:: Your objective ::
Every line from the one with "Пломбир с клюквой" to the end of the listing, and nothing else, is to be printed exactly; please leave the pictures out.

:: Source material ::
**********
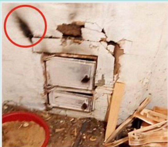
Имеются трещины в печи (место выхода продуктов горения топлива обозначено кругом)
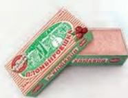
Пломбир с клюквой «Пломбируешка»
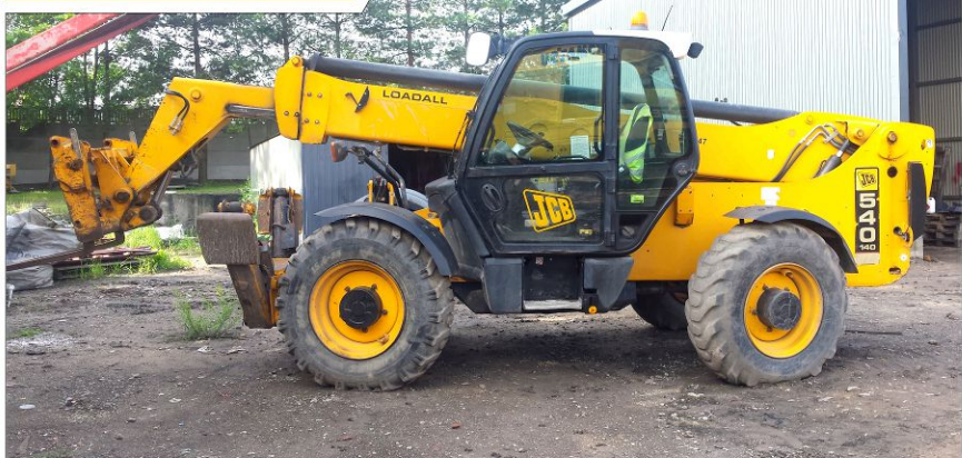
Ładowarka teleskopowa JCB 540-140
**********
:: Response box ::
Пломбир с клюквой «Пломбируешка»
Ładowarka teleskopowa JCB 540-140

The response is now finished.